** SOURCE DATA follows **
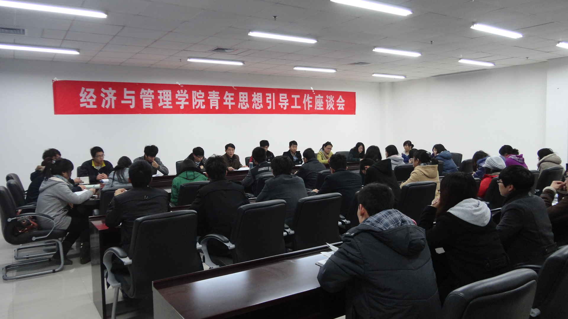 座谈会上,陈老师首先向大家介绍了团中央提出分类引导青年工作的重要意义,全团青年可以分为四大类:农村青年、企业青年、进城务工青年及大学生,对于大学生,要着重引导他们了解在党的领导下我国社会主义现代化建设取得的成就,正确认识世情、国情、党情,理性认同爱国主义、社会主义、党的领导的有机统一。陈老师还向大家提出我院共青团组织应该怎样去做好分类引导青年工作,尤其是作为团学干部,应该不断提升个人素质,牢固树立为社会、为学院做贡献的信念,做现代社会需要的人才。接着,同学们紧紧围绕“如何理性表达爱国情感”、“如何理性认同中国特色社会主义道路”、“如何理性看待贫富差距和社会公平问题”、“如何树立积极向上的人生价值观”、“如何全面客观看待当前的就业难问题”等积极踊跃地发表自己的见解和意见,并就经济与管理学院今后如何加强青年大学生的思想引导提出了许多合理化的建议和方案。
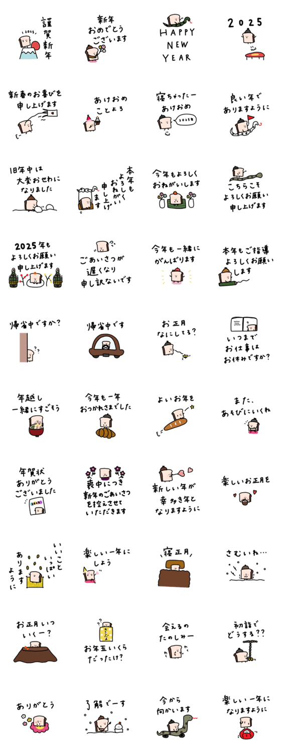 新年に使いたいお正月スタンプです。まめ食パン。ゆるくてかわいい。
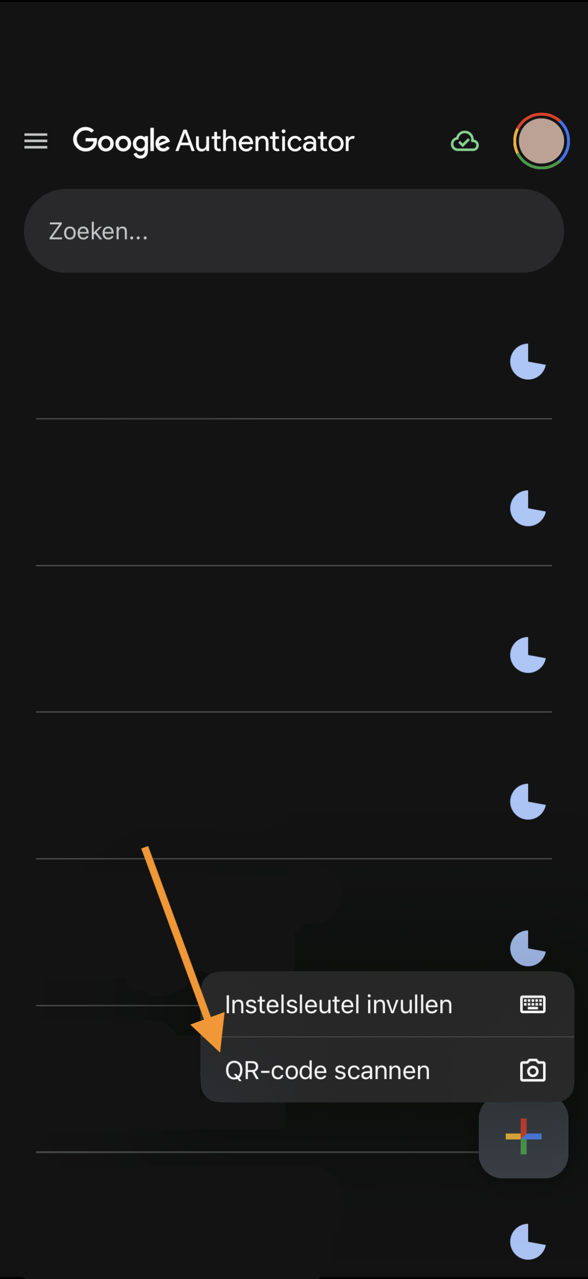 Na het scannen van de QR-code verschijnt er een extra regel met een 6-cijferige code in de App.
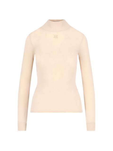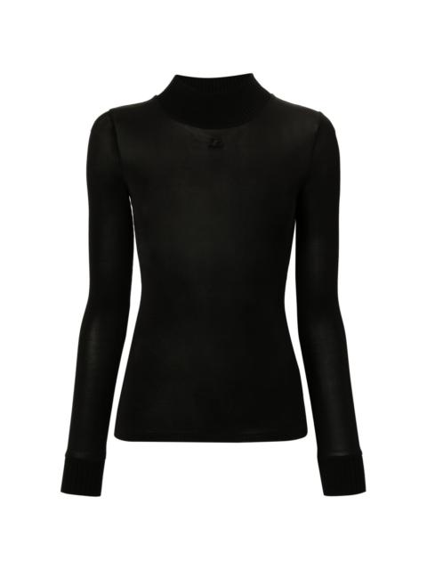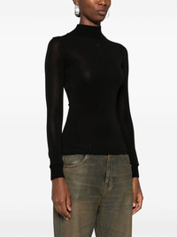 logo-patch roll-neck top Highlights - Black - Stretch-design - Logo patch to the front - Ribbed roll neck - Long sleeves with ribbed cuffs - Straight hem Made in France Composition Viscose 95%, Elastane 5% SIZE & FIT Model measurements Height 5 ft 10 in(1.78 m) Bust/Chest 31.49 in(80 cm) Hips 37 in(94 cm) Waist 23.62 in(60 cm) FittingInformation Designed for a close fit throughout Made from a midweight stretch fabric, this piece offers elasticity and flexibility when worn This piece fits true to size – take your usual size
** End of SOURCE DATA **
▶ _WHAT IS BEING ASKED_
Without any of its pictures, the listing is to be repeated exactly as it stands.

▶ _EXERCISE OUTPUT_
 座谈会上,陈老师首先向大家介绍了团中央提出分类引导青年工作的重要意义,全团青年可以分为四大类:农村青年、企业青年、进城务工青年及大学生,对于大学生,要着重引导他们了解在党的领导下我国社会主义现代化建设取得的成就,正确认识世情、国情、党情,理性认同爱国主义、社会主义、党的领导的有机统一。陈老师还向大家提出我院共青团组织应该怎样去做好分类引导青年工作,尤其是作为团学干部,应该不断提升个人素质,牢固树立为社会、为学院做贡献的信念,做现代社会需要的人才。接着,同学们紧紧围绕“如何理性表达爱国情感”、“如何理性认同中国特色社会主义道路”、“如何理性看待贫富差距和社会公平问题”、“如何树立积极向上的人生价值观”、“如何全面客观看待当前的就业难问题”等积极踊跃地发表自己的见解和意见,并就经济与管理学院今后如何加强青年大学生的思想引导提出了许多合理化的建议和方案。
 新年に使いたいお正月スタンプです。まめ食パン。ゆるくてかわいい。
 Na het scannen van de QR-code verschijnt er een extra regel met een 6-cijferige code in de App.
 logo-patch roll-neck top Highlights - Black - Stretch-design - Logo patch to the front - Ribbed roll neck - Long sleeves with ribbed cuffs - Straight hem Made in France Composition Viscose 95%, Elastane 5% SIZE & FIT Model measurements Height 5 ft 10 in(1.78 m) Bust/Chest 31.49 in(80 cm) Hips 37 in(94 cm) Waist 23.62 in(60 cm) FittingInformation Designed for a close fit throughout Made from a midweight stretch fabric, this piece offers elasticity and flexibility when worn This piece fits true to size – take your usual size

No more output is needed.